A common misconception of a Plea Bargain is that someone snitched, which is usually not the case. By definition, a plea bargain is an agreement in a criminal case whereby the prosecutor offers the defendant the opportunity to plead guilty, to either a lesser charge or to the original criminal charge with a recommendation of a lighter than the maximum sentence. For example if you have ever been to court and received a conditional discharge, pleaded no-contest or been ordered to pay a fine to get a charge dropped then you have accepted guilt to a crime for a lesser sentence. Plea bargaining is a significant part of the criminal justice system in the United States; the vast majority (roughly 90%) of criminal cases in the United States are settled by plea bargain rather than by a jury trial. In certain circumstances plea bargains can include co-operating with and give information to the District Attorney. In such cases the details of the agreement will be transcribed in the court records (ie: they will most likely be public record.)
Often in graffiti cases with long term investigations, writers face charges from multiple counties and jurisdictions. For example: In New York writers can be charged with cases in Manhattan, Queens, theBronx and Brooklyn. These are separate counties, and as such, they carry separate sentences. With a proper lawyer you can attempt to reach a “Global Solution” . This is when your lawyer and the D.A.’s of all concerned counties agree to one sentence, run concurrently.

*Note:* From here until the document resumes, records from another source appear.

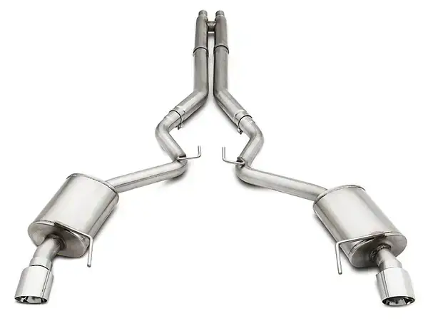 American Racing Headers Ford Mustang S550 If a deeper tone with virtually no high pitch rasp is what you're after on your 2015 V8 Mustang, ARH has the answer with our Pure Thunder Catback Muffler System. With the ability to handle tremendous power, our 100% US made mufflers are all 304 S/S and feature our 4" polished double walled tips that are fully adjustable. This allows you to position the tips for the exact appearance you want. Comes standard with our 3" H-Pipe or optional 3" X-Pipe.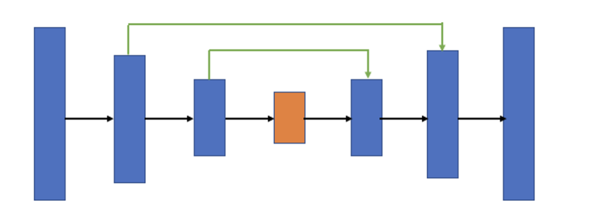 U-Net의 기본 아이디어는 저차원 뿐만 아니라 고차원 정보도 이용하여 이미지의 특징을 추출함과 동시에 정확한 위치 파악도 가능하게 하자는 것이다. 이를 위해서 인코딩 단계의 각 레이어에서 얻은 특징을 디코딩 단계의 각 레이어에 합치는(concatenation) 방법을 사용한다. 인코더 레이어와 디코더 레이어의 직접 연결을 스킵 연결(skip connection)이라고 한다.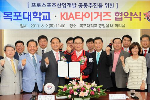 목포대(총장 고석규)와 KIA타이거즈가 9일 목포대 총장실에서 '프로스포츠산업개발 공동추진을 위한 산·학 업무협력 협약'을 체결했다.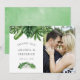 Trendy sage green and white watercolor tropical leaves and white magnolias wedding thank you photo cards.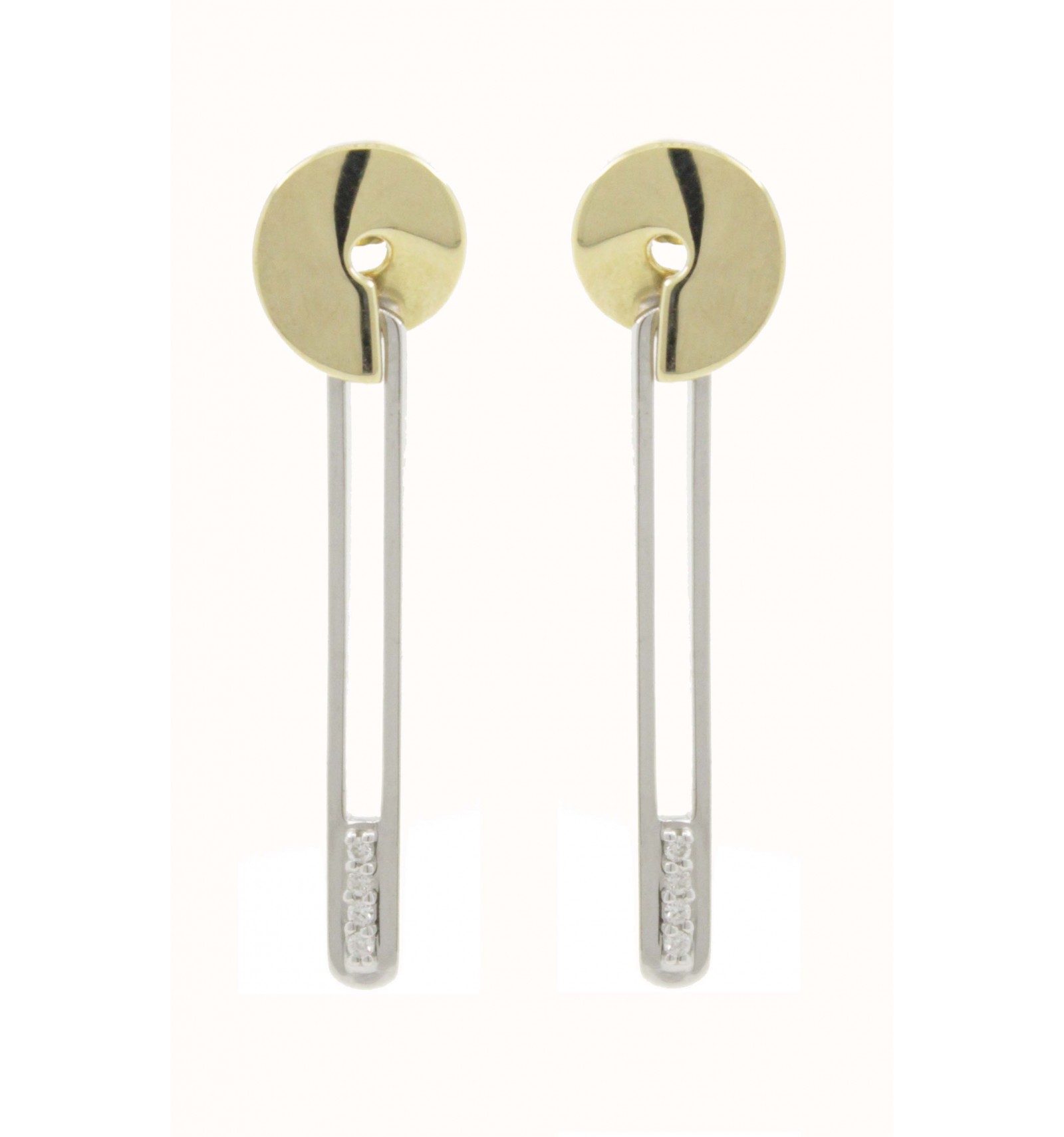Par de pendientes de oro blnaco y oro amarillo de 750 milésimas (18K) con diamantes talla brillante.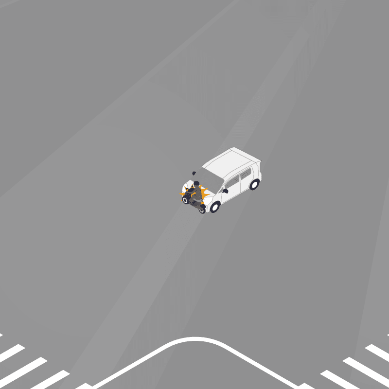 ・イラストに使用している各要素(車、背景、車、天候、信号、衝突地点など)は、代表的なイメージをイラスト化しており、色や形状等含め現実の事故の状況とは異なります。あくまで、事故のイメージとして参考までにご活用ください。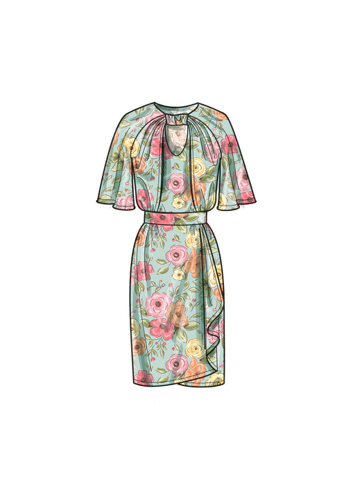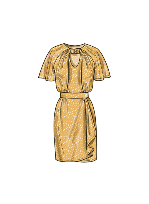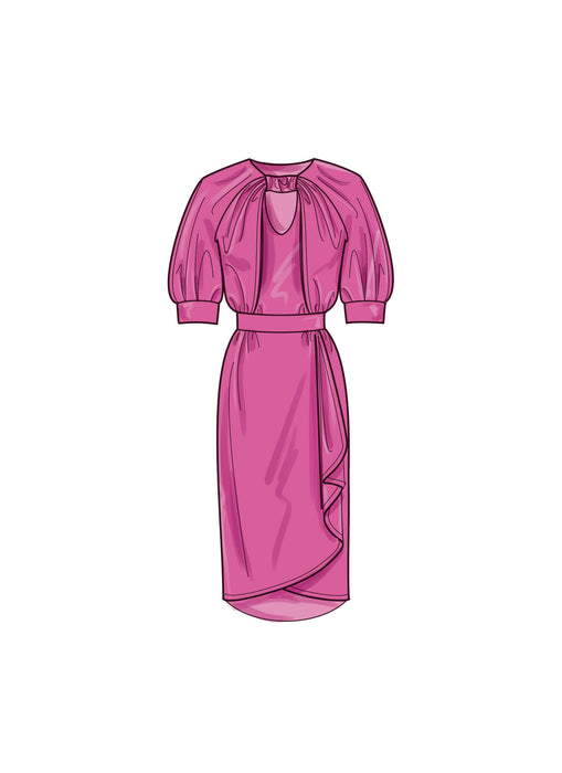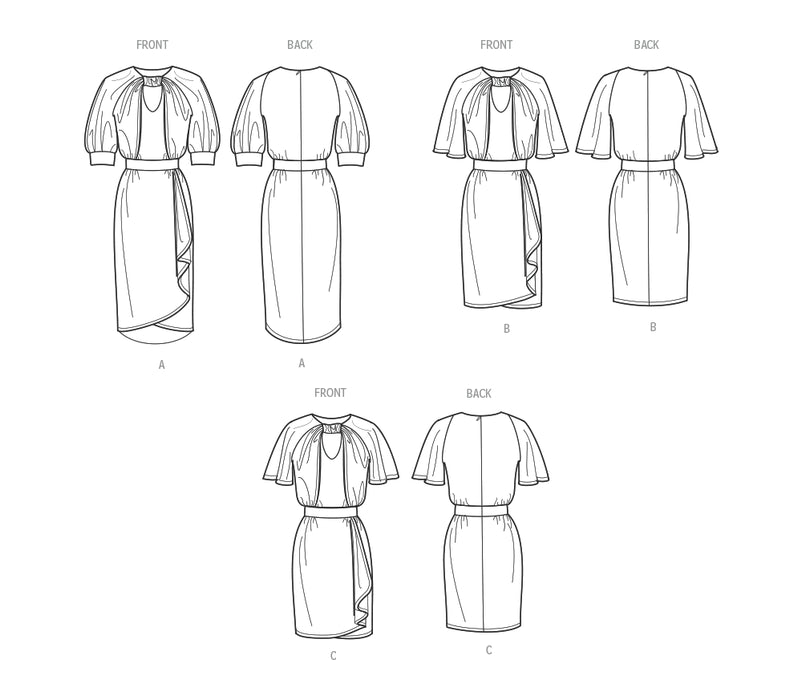 Dress features knotted draped bodice overlay, cutout neckline, waistband at skirt encased into side seam, and back zipper. View A is a long dress with pleated puff sleeves and sleeve bands. Views B and C have flutter sleeves. View C is a mini dress. Sales from this pattern help support American Sewing Guild dedicated to Advancing Sewing as an Art and Life Skill. Learn more at www.asg.org.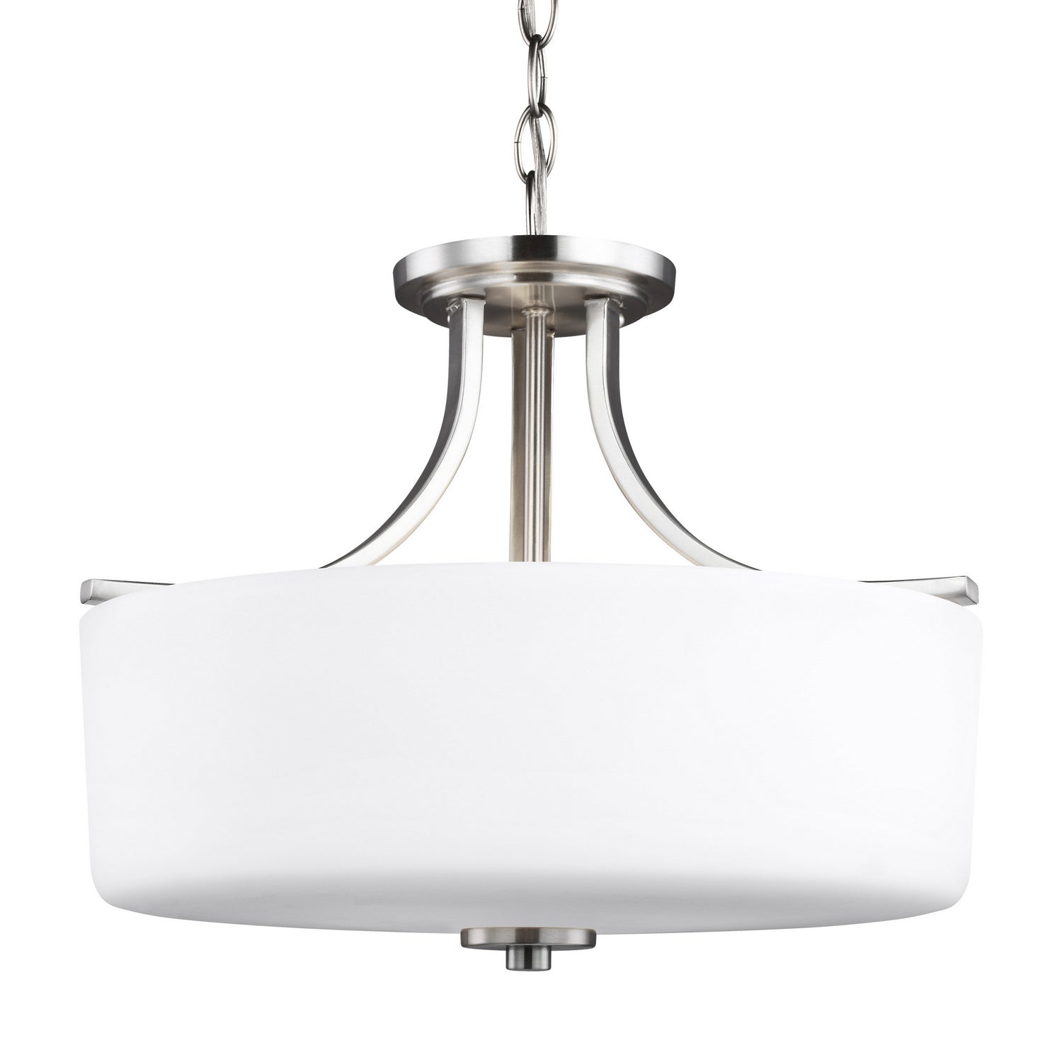 The Canfield three light semi flush fixture in brushed nickel supplies ample lighting for your daily needs, while adding a layer of today's style to your home's décor. Behind every seemingly simple design lies unerring attention to restraint and obsessive attention to the tiniest details. The Canfield collection by draws on the modernist traditions of "less is more". Essential functional elements dictate the aesthetics, and clean lines prevail. Layers of intricately finished hand-brushed steel progress vertically to the soft glow of light diffused through finely etched glass diffusors. Canfield offers a "whole home" lighting solution, offering lighting in every imaginable category from the auspicious 15 light 3-tier chandelier, to the concise mini-pendant and one-light sconces. The collection is available in hand brushed Burnt Sienna for a warm, tactile, almost Craftsman design style, or a brushed nickel to emphasize the more architectural elements of your interior.

Global solutions can only be made within state lines. For Example: If you have multiple cases in New York, a global solution can not be reached with other cases in Boston. The only way this is possible is if you are in Federal Courts.
A very interesting dynamic of a graffiti case is that often an offender is not charged with every tag they have done in a city. To cover your ass from future legal problems you absolutely MUST inform your lawyer to make sure that as part of your plea, prosecutors agree to not go forward with any additional charges concerning incidents that occurred before your indictment (as seen in the last paragraph of the paperwork below). Without such an agreement from the DA, authorities can (and very likely will) arrest you after you receive/serve your sentence, and run you back through the system all over again on “new” charges. This HAS and WILL continue to happened to writers who do not seek out proper legal representation.
*Above are actual Supreme Court Minutes (they are the word for word transcript of what was said in court recorded by a court reporter) SCI stands for Supreme Court Indictment
Unless your plea states something similar to the above paperwork, you probably should reconsider taking it. A plea bargain is supposed to, in some way, benefit both parties involved. The court system is benefited by not having to spend the time, money and resources involved with a jury trial. If you are at the point where you are having to plead guilty, the only way you can really benefit is by minimizing your losses. Why dig your hole even deeper by leaving yourself open to further prosecution.
The long and short of it is, if your gonna write graffiti (or do anything illegal, for that matter) know how to handle yourself when things get hectic. Have a plan. Have a lawyer. If you are arrested, don’t say or do anything without consulting with him. Oh, and if your the type who’s ready to sign a statement because you don’t wanna spend the night in a precinct because you’re afraid to miss work the next day, well then maybe you’re in the wrong profession.